ДВЕ “НАЦИОНАЛЬНЫЕ СХЕМЫ

Просто потому, что мысль наших либеральных политиков течет по другому – пассивному – руслу. Нельзя, допустим, отказать Борису Немцову в здравости суждения, когда он говорит, что “в отличие от Украины, где оранжевая революция родила национальную идею, согласно которой место страны в Европе, цвет революции в России не будет оранжевым. Он будет скорее всего коричневым”. (45)

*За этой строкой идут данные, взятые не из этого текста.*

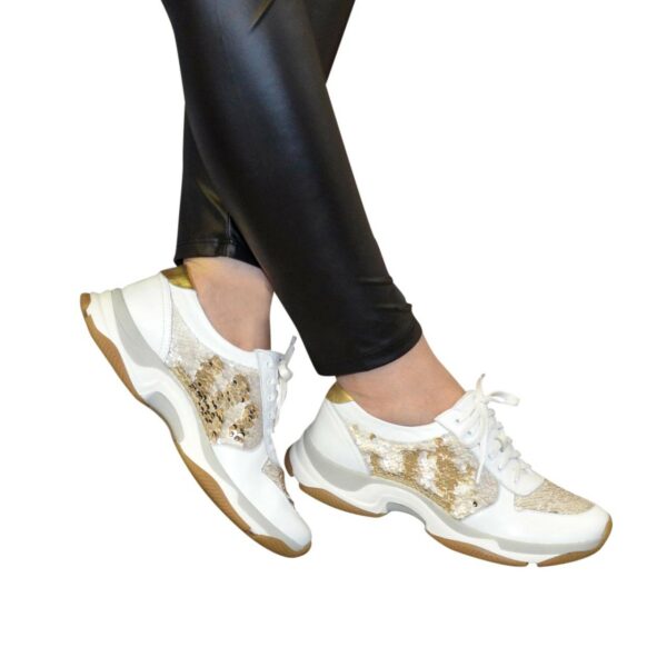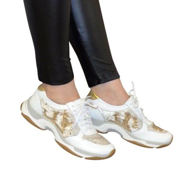 Яркие блестящие, комфортные кроссовки, изготовленные из натуральной кожи белого цвета с декорацией из золотых паеток. С мягким кантом и мягким языком. Прекрасно сидят на ножке. Полномерные, соответствуют стандартной сетке размера. Рассчитаны на разную полноту ноги благодаря шнуровке. Возможен отшив в коже, замши разных цветов.

Вроде бы исходим мы с Немцовым из одного и того же постулата: что возможно в Киеве или в Тбилиси, бывших вассалах бывшей империи, невозможно в её бывшей метрополии. Ибо союз либералов с националистами, который лежит в основе “цветных” революций, в России немыслим. Разница в другом. Там, где Немцов ставит точку, у меня запятая. Он уверен, что революция в России непременно будет коричневой (в моих терминах, “выпадением” из Европы). А я говорю: коричневой могла бы стать такая революция лишь в случае, если либералы окажутся бессильны предотвратить новый “переворот в национальной мысли”.

Эта решающая разница, конечно, неслучайна. Немцов опирается на старую “национальную схему”, заново сформулированную Е.Т. Гайдаром в “Государстве и эволюции”, а я -- на скрупулезное исследование истоков русской государственности. Философия Гайдара сводится, как мы уже говорили, к тому, что Россию отделяет от Европы непреодолимый “цивилизационный” барьер. Такую, дескать, дала нам история нелиберальную “цивилизацию”, и мы бессильны против неё, как против судьбы. Отсюда – парализующий страх перед коричневой революцией.

Я, как уже знает читатель, исхожу вслед за Г.П. Федотовым из новой “национальной схемы”, согласно которой никакого такого барьера не существует. Во всяком случае, подробное исследование всех трех “выпадений" России из Европы этого не потверждает. Как раз напротив, подтверждает оно, что после падения всех институциональных опор “мутации Грозного” у либералов в России столько же шансов преуспеть в политической модернизации страны, сколько у эпигонов добиться еще одного её “выпадения” из Европы. На самом деле - больше. Если, конечно, либералы вовремя осознают своё превосходство (и сумеют им воспользоваться для сокрушения холопской традиции).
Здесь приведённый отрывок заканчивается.